By any standard, it was a pretty smooth sales job. In early December 1920, little Nina Treutel of Vesper, Wisconsin, was writing one of her regular letters to her Aunt Emma (Treutel) Carlin. After some regular business, the 6-year-old slipped in a postscript in hopes it would help her obtain a treasured toy doll.
“Oh! Yes Aunt Emma I have 23¢ cents all saved up ready for that dolly,” Nina wrote. (A cute aside: the cents sign was written backwards.) “Just think Aunt Emma, Uncle Oscar said I could have it for $1.50¢.” (Backwards dollar and cents signs.)
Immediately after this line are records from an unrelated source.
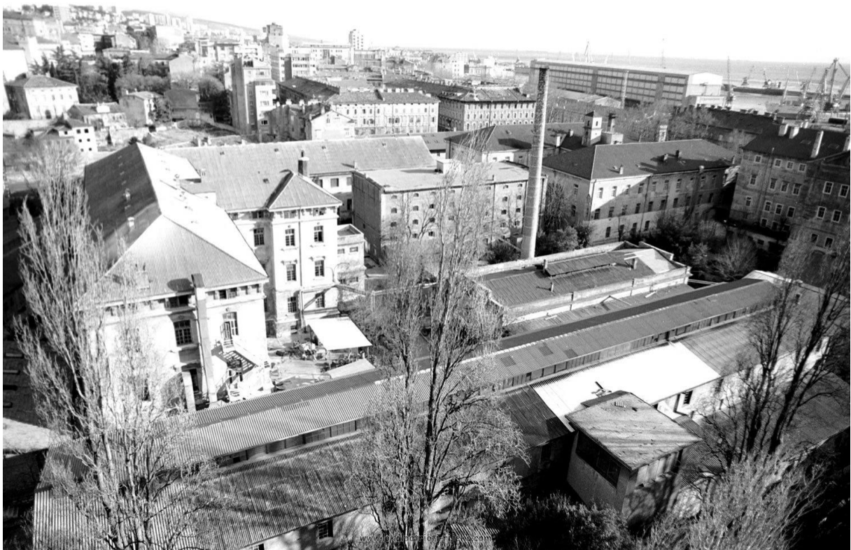
Slika 4. Tvornica Rikard Benčić slikana iz zraka[9]

Koliko je tvornica bila važna za Rijeku, njen razvitak i naseljavanje najbolje govori podatak da je tokom osnivanja tvornice, ona imala 371 zaposlenih radnika, dok je 1987. taj broj iznosio oko 1200 radnika svih profila. Od 1948. do 1988. tvornica je sagradila ili kupila 352 stana za svoje radnike (najviše na području Drenove). Bitni su bili i uvjeti rada, te benefiti kojeg su radnici imali: kantu koja se brinula o toplim obrocima, ordinaciju liječnika opće prakse i stomatologa u sklopu tvornice, razvijenu zaštitu na radu, knjižnicu, razne sportske aktivnosti i klubove... Izdavali su svoje novine u kojima su obavještavali svoje radnike o svemu što se dešava u tvornici, ostvarene rezultate, planove, novosti vezane uz rad u tvornici. [8]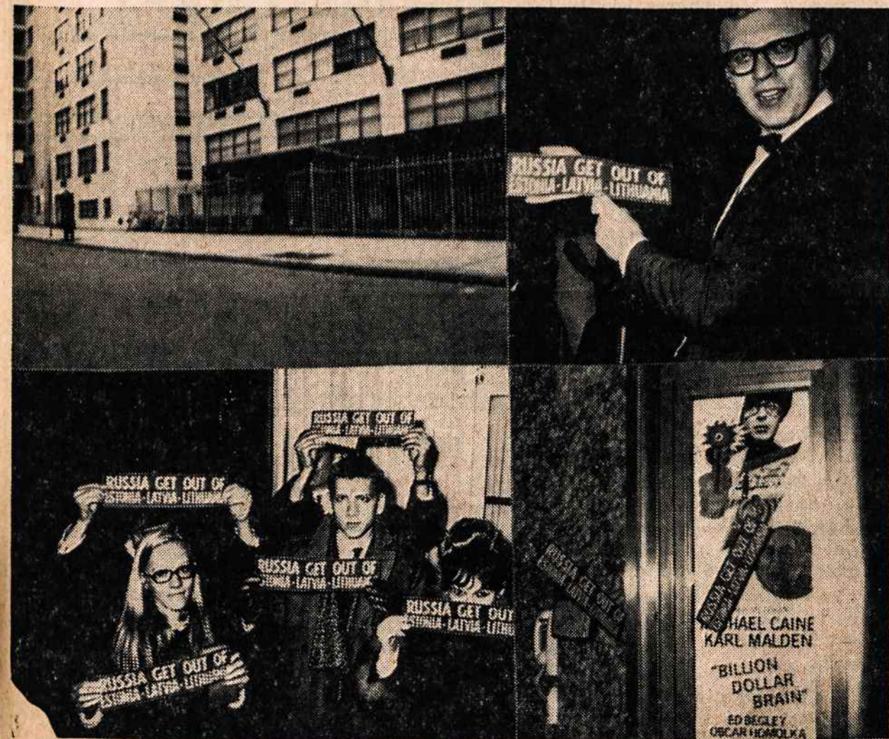
Latvių ir estų jaunimo grupė (Batuno organizacijos) Naujųjų Metų rytą prilipino plakatelius su įrašu "Russia Get Out of Estonia-Latvia-Lithuania" prie Sovietų atstovybės namų ir prie Broadway vieno kino, kuriame rodomas prokomunistinis filmas, vaizduojas ir latvius.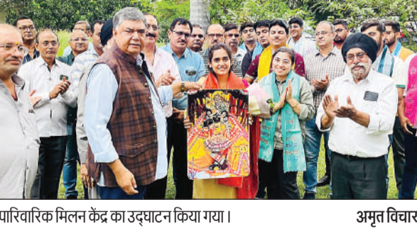
पारिवारिक मिलन केंद्र का उद्घाटन किया गया।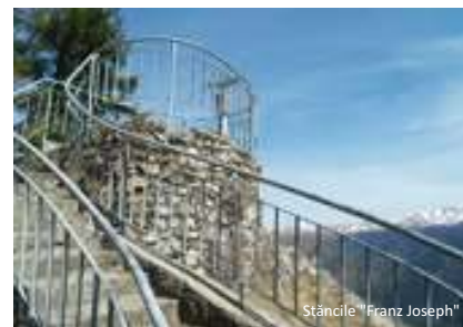
Stâncile "Franz Joseph"

nată de evenimentele politice dintre anii 1945 -1946, Enescu semnează la Paris un act de donație, prin care vila "Luminiș" urma să devină un așezământ cultural, conceput ca o casă de odihnă și reculegere pentru artiștii români și străini.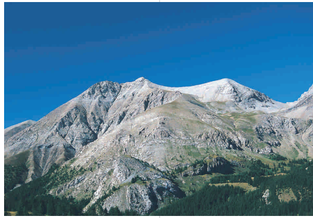
Le Mont Pelat

supérieur du Var, de la Tinée et de l'Ubaye, dont les vallées divergentes, profondément labourées par les glaciers, s'ouvrent majestueusement vers le ciel. La chaîne sédimentaire de la zone centrale est organisée le long d'une ligne de crête orientée nord-nord-ouest/sud-sud-est, creusée en profondeur par un réseau hydrographique divergent. Dans cet ensemble de cimes de modeste altitude (2400 m en moyenne) le Mont Mounier 2817 m fait figure de géant solitaire. Le bassin supérieur du Var incise profondément le Grès d'Annot. Il est entouré par un puissant rempart de hautes crêtes qui culminent avec le Mont Pelat 3050 m. De l'Authion jusqu'à Sospel, séparant la vallée de la Roya de celle de la Vésubie, s'étire une chaîne montagneuse de moyenne altitude. En proximité des gorges de Piaon (490 m), le parc touche son altitude la plus basse. Les vallées principales (Tinée, Var, Vésubie et Roya) sont pour la plupart étroites et créent des défilés et des gorges, comme ceux de Cians et de Daluis, de Valabres et de la Roya.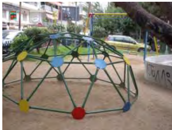
Υπαίθριος χώρος παιχνιδιού 2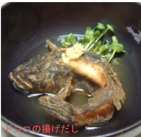
ドンコの揚げだし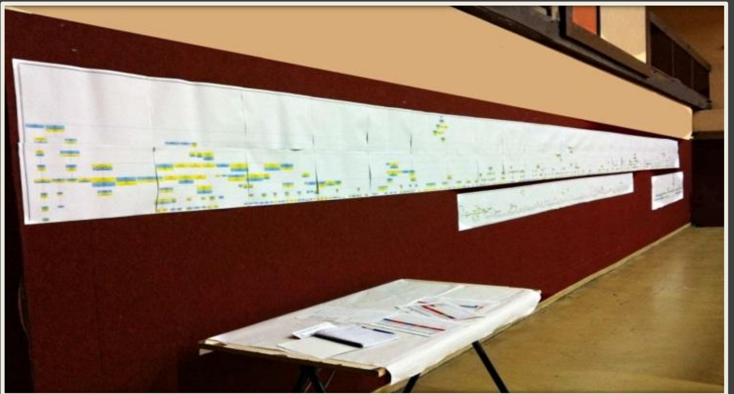
Notre arbre remonte jusqu'à 1530 et nous avons recensé 2023 personnes

One can just imagine in that little girl’s mind, Aunt Emma was just waiting to learn of the 23 cents to seal the whole deal. Maybe even in time for Christmas 1920! It reminds me of the 1983 film, A Christmas Story, in which a young boy works on his own marketing pitch to obtain a Red Ryder carbine action 200-shot range model air rifle. Set in the 1940s in small-town Indiana, much of the plot revolves around little Ralphie’s efforts to get that rifle for Christmas only to be told by various adults, “You’ll shoot your eye out.”

In the film, Ralphie gets his rifle, but we don’t know if Nina ever got that cherished dolly. It’s logical to assume she not only wrote her letter of suggestion, but perhaps augmented it with some face-to-face discussion with dear Aunt Emma and her brother, Uncle Oscar Treutel. You will get good odds if, like me, you believe Nina got her dolly.
Aunt Emma Carlin was a favorite of all the children in the Treutel/Hanneman families. She was the second-youngest child of Philipp and Henrietta Treuel. Her family moved to Vesper in 1900 after the death of her father. Emma was a prolific letter writer and kept a detailed scrapbook from which this letter came.
Nina Treutel grew up and married Lawrence Wilson. They spent most of their married life in Waukegan, Illinois, for a time operating a small grocery store detailed elsewhere on this blog. She was one of the younger sisters of my grandmother, Ruby (Treutel) Hanneman. Nina died in 2005 in Arizona.
Perhaps the most charming part of that 1920 letter came before the sales pitch for the dolly. “Why didn’t you come down Sunday?” she wrote. “Well I must shut up because pa wants to close his letter with love from mama.”